Niewiele byłoby trzeba, żeby przywrócić blask na tej trasie. Nie podejmę się symulowania rozkładu jazdy na tej trasie, bo popadnę w paranoję i wymyślę niezliczone ilości połączeń. Wystarczyłoby, gdyby dwa sąsiadujące województwa dogadały się między sobą. I mogłoby być tak:
- 3 pary codziennych połączeń Stróże - Jasło,
- 2 pary codziennych połączeń Gorlice - Jasło,
- 1 para Jasło - Stróże - Tarnów, w niedziele jadąca do Krakowa (a w piątki z Krakowa),
- 2 pary połączeń Gorlice - Tarnów,
- dodatkowo: 2 pary połączeń Gorlice - Jasło w dni powszednie i 2 pary Gorlice Zagórzany - Stróże tylko w dni powszednie.

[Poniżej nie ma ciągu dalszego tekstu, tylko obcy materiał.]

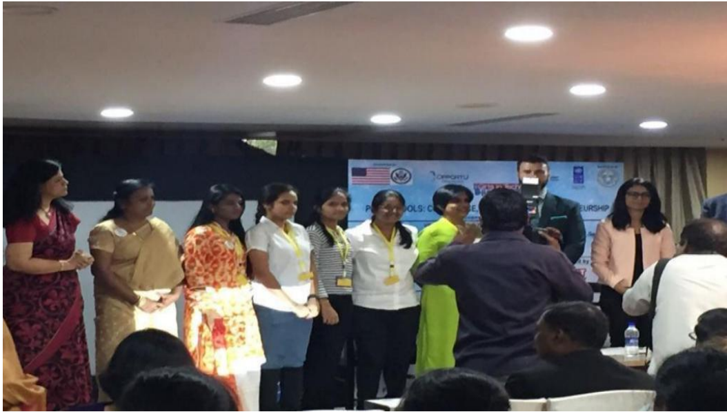
Students Participating in the workshop

An Interactive Session was Organised by YI YUVA –CII On Mythology and Its Relevance In Today's Business World. Resource Person was Dr. Dev Dutt Patnaik who is an author, Speaker, Illustrator and Mythologist. He enlightened the students on India's Unity INTERACTIVE SESSION AT INDIAN SCHOOL OF BUSINESS ORGANISED BY YI YUVA

Przy takim założeniu na wszystkich odcinkach mielibyśmy 6 par codziennie i dodatkowe 2 w dni powszednie. Poza założonymi wyżej 4 codziennymi parami na odcinku Gorlice - Gorlice Zagórzany należałoby uruchomić jeszcze co najmniej 4 pary, skomunikowane zarówno w stronę Jasła, jak i w stronę Stróż.
Województwo małopolskie dysponuje małymi pociągami typu EN81, które z powodzeniem sprawdziłyby się w obsłudze większości połączeń na tej trasie. Pojedyncze kursy, zwłaszcza do Tarnowa, mogłyby być obsługiwane dłuższymi jednostkami. W Stróżach należałoby zapewnić skomunikowania pociągów na kierunki: Nowy Sącz i Tarnów, a w Jaśle w kierunku Rzeszowa, ale tylko pod warunkiem zwiększenia oferty na trasie Jasło - Rzeszów. Gdyby jeszcze chcieć dopasować pociągi w kierunku Sanoka...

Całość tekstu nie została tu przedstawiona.